=== Work to complete ===
Within the entries below, please return exactly the lines from the one with "Биоразлагаемое средство для" through the one with "1日目の探索が最も順調に行っ", leaving out any pictures.

=== Source records ===
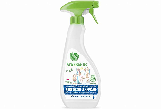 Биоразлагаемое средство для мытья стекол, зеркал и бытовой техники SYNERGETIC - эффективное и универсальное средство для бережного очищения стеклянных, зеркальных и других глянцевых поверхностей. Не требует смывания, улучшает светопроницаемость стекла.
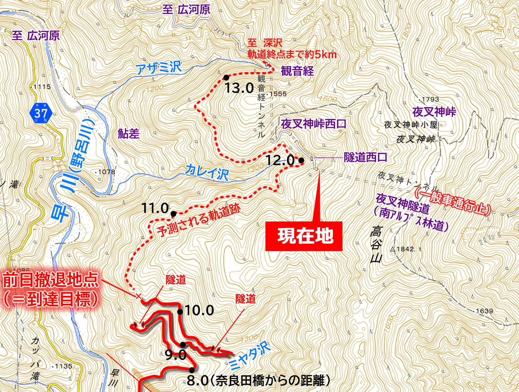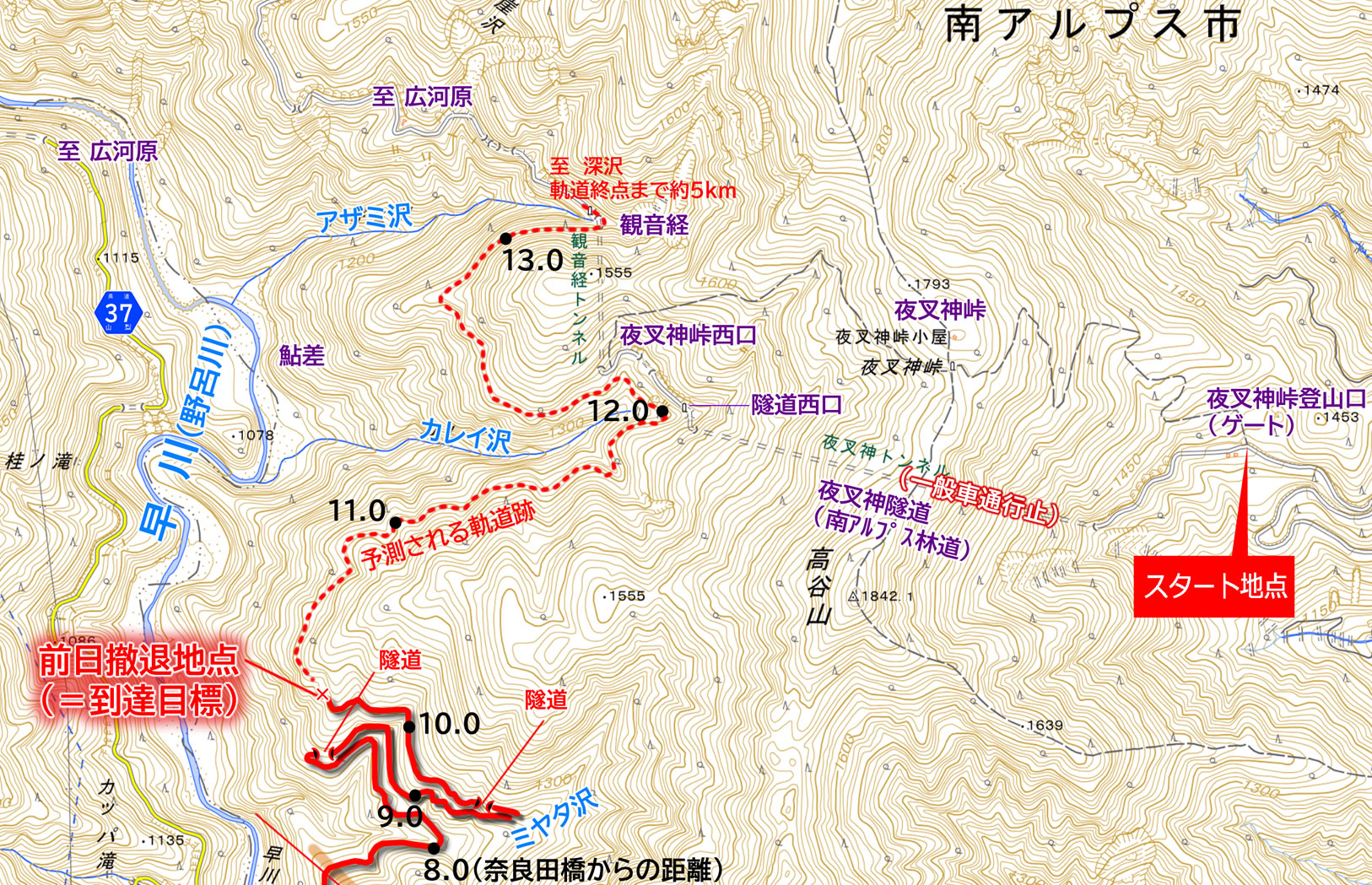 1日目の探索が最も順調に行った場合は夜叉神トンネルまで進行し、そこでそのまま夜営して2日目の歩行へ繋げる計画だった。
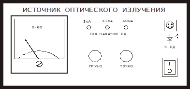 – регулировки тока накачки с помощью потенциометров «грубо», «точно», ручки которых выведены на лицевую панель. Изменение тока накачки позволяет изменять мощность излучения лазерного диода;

...

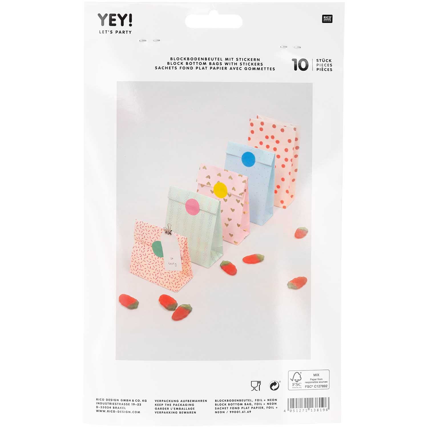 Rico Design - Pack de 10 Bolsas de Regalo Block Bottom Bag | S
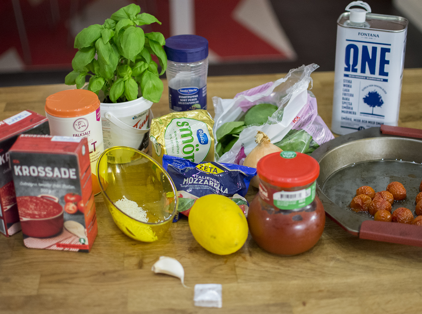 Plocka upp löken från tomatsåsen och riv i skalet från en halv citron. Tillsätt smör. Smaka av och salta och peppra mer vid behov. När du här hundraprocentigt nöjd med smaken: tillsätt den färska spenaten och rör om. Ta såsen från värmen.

=== Response ===
 Биоразлагаемое средство для мытья стекол, зеркал и бытовой техники SYNERGETIC - эффективное и универсальное средство для бережного очищения стеклянных, зеркальных и других глянцевых поверхностей. Не требует смывания, улучшает светопроницаемость стекла.
 1日目の探索が最も順調に行った場合は夜叉神トンネルまで進行し、そこでそのまま夜営して2日目の歩行へ繋げる計画だった。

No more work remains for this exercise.